'''

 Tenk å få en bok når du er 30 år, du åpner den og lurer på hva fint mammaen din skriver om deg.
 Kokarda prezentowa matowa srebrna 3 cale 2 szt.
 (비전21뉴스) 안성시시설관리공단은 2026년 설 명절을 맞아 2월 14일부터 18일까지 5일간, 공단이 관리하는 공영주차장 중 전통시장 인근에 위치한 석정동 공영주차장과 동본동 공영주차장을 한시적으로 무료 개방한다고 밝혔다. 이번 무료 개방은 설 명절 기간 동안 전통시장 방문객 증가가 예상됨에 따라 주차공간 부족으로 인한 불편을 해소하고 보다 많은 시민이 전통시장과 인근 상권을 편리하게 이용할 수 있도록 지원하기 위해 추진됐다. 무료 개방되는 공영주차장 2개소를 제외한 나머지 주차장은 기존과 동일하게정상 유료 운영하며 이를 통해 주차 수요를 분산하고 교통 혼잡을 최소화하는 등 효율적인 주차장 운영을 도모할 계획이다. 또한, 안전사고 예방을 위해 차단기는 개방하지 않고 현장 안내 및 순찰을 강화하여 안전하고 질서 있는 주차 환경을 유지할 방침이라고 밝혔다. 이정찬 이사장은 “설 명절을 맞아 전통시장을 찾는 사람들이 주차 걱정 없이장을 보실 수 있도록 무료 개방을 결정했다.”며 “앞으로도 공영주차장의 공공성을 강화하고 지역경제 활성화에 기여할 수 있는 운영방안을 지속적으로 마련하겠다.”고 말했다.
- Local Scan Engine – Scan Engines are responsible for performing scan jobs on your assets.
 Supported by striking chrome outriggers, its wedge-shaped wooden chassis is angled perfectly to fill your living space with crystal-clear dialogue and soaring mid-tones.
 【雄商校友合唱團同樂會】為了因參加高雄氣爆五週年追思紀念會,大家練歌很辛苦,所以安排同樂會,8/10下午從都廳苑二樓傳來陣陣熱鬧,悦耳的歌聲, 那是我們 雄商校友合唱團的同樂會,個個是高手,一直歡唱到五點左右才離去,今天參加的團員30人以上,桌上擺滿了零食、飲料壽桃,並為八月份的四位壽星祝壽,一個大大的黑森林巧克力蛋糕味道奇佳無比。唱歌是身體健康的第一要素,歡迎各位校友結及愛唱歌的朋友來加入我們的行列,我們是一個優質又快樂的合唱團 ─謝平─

'''

__ASSIGNED TASK__:
Copy the lines from the entries above in which the word "your" appears.

__ANSWER BOX__:
- Local Scan Engine – Scan Engines are responsible for performing scan jobs on your assets.
 Supported by striking chrome outriggers, its wedge-shaped wooden chassis is angled perfectly to fill your living space with crystal-clear dialogue and soaring mid-tones.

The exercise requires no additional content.